DeGraft-Johnson goes in, changes into surgical scrubs and performs a brief, yet complicated procedure on the body, before returning to the ambulance, this time with a cooler by his side. Then he’s raced back to the airport with a special delivery for a sick patient whose days previously had been numbered.

“Oh boy! Nothing compares,” the doctor says of this role that places him squarely in the breach between life and death. “As one family cries for a lost loved one, another cries tears of joy for a family member who’s been saved.”

Today, more than 100,000 people are waiting for transplant surgeries, according to the official U.S. government website for organ and tissue donation. Nearly 28,000 transplant operations were performed in 2008. Each day, about 74 people receive an organ transplant, and about 17 people die waiting for one. The procedure is considered to be a last resort for patients in the final stages of illness, and only one in four people who need an organ is expected to get a transplant in time for it to save their lives.

As a medical student a decade or so back, deGraft-Johnson embarked on his current path during an anatomy class. He performed so well that he became the teacher’s assistant in the very course that he himself was taking. As he continued his studies, he began to see that while all doctors eventually fix floundering boats, surgeons patch torn sails instantly.

“With chronic illnesses, such as high blood pressure, you don’t really change a patient’s situation in that moment. You prescribe medication, they take it, and then you start to see a change,” he explains. “But if I’ve got someone who’s had multiple gunshot wounds, I do surgery on them, and the next day they’re talking to me, then I’ve saved their life.”

He experienced one of those stark turnarounds during the last year of a cardiothoracic fellowship, when he served on the trauma unit of a Queens, NY, hospital. That day he recalls that a patient with multiple gunshot wounds was left on the steps of the emergency room.

Working with the team, he helped to save the life of a young man who would go on to become a popular rapper. After the incident, deGraft-Johnson’s friends heard about his surgery on someone with an "inexpensive" name. His buddies laughed about the unusual name. “They were—who? What? A quarter? Twenty cents?” But it wasn’t long before the object of their humor—and deGraft Johnson’s emergency procedure—went on to fame and glory, with a huge dose of “street cred” for toughing out that blaze of bullets.


The now famous performer pulled through, but many others facing major health crises do not. Those who elect to become donors, as indicated on a drivers’ license, or whose families contribute a loved one’s organs, set the process in motion.

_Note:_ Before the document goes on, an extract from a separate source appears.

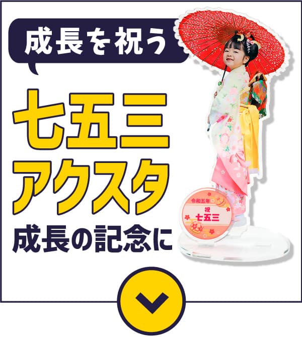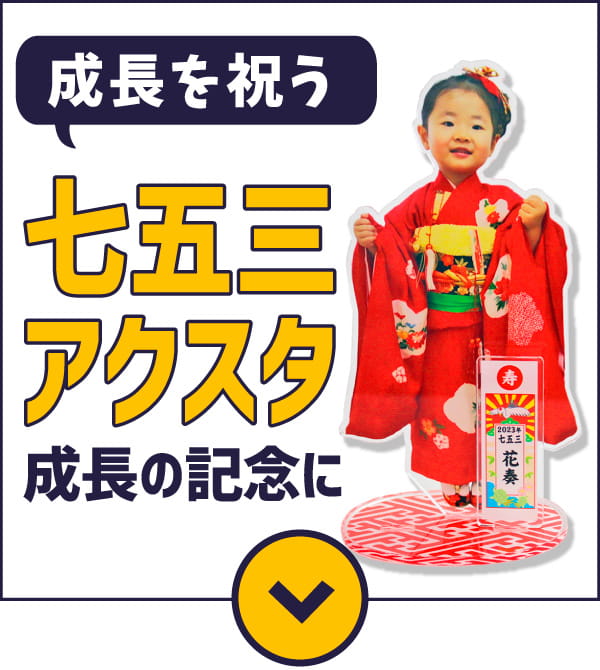 我が子の成長をかわいいアクスタで残したいあなたにおすすめ!七五三を迎えられたお子様への特別な願いが込められた記念のアクリルスタンド。記念プレートを選べたり、名入れができる特別なアクスタです。じいじばあばへのプレゼントにもぴったりです!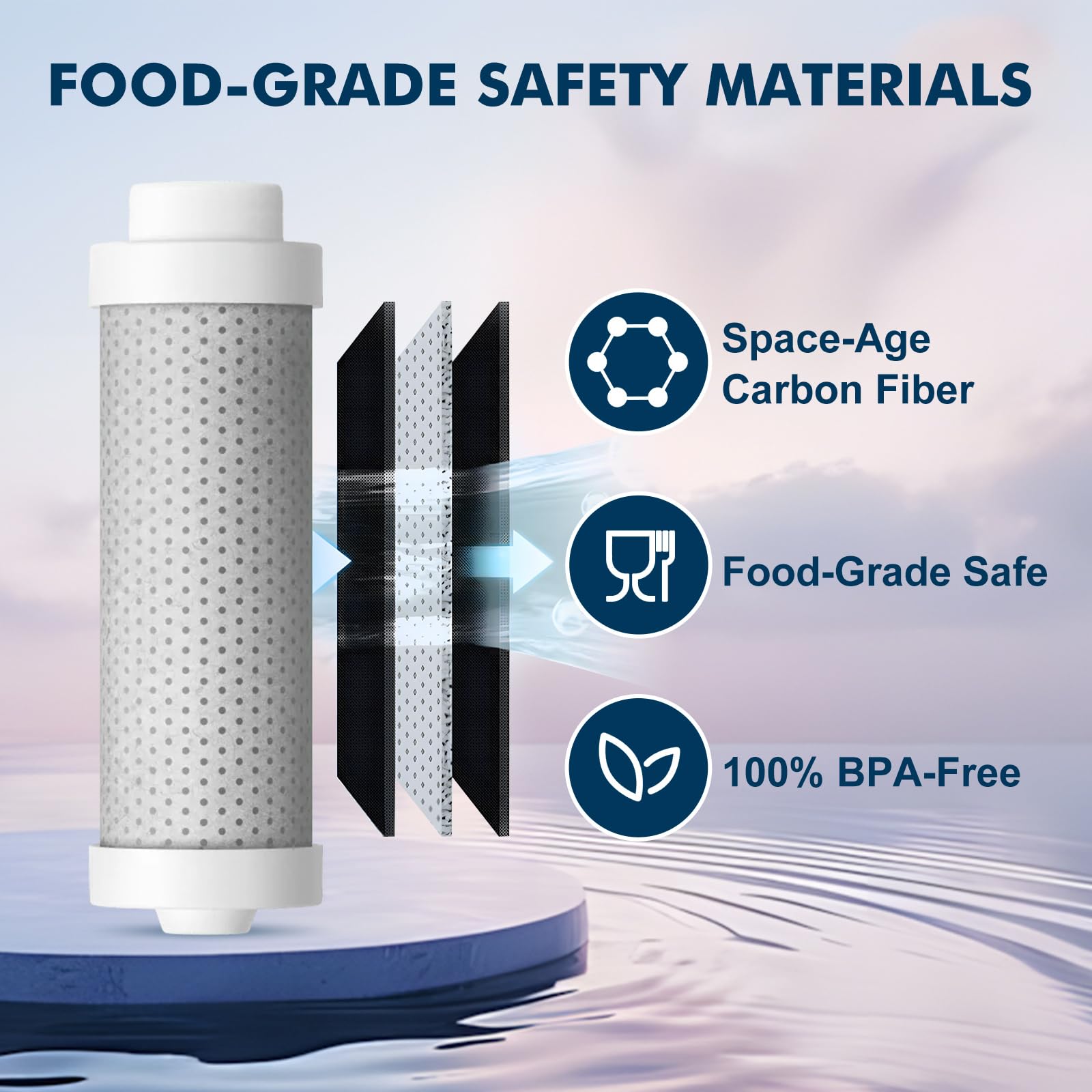 【High-Capacity Filter = Less Plastic Waste】 – One filter purifies up to 40 gallons (151 liters) or lasts approximately 2 months of daily use—equivalent to replacing 300 disposable plastic bottles. Each filter reduces up to 18 lbs of plastic waste. Note: The filter takes up 2 oz of internal volume.

Recently, within a three day period, two high-profile organ donation cases made headlines: Actress Natasha Richardson, 45, died after what seemed a minor fall, and her family quietly donated her organs. Then the father of one of four Oakland police officers, tragically gunned down after a routine traffic stop, is reported to have kept his 41-year-old son, already declared brain dead, on life support until his organs could be harvested.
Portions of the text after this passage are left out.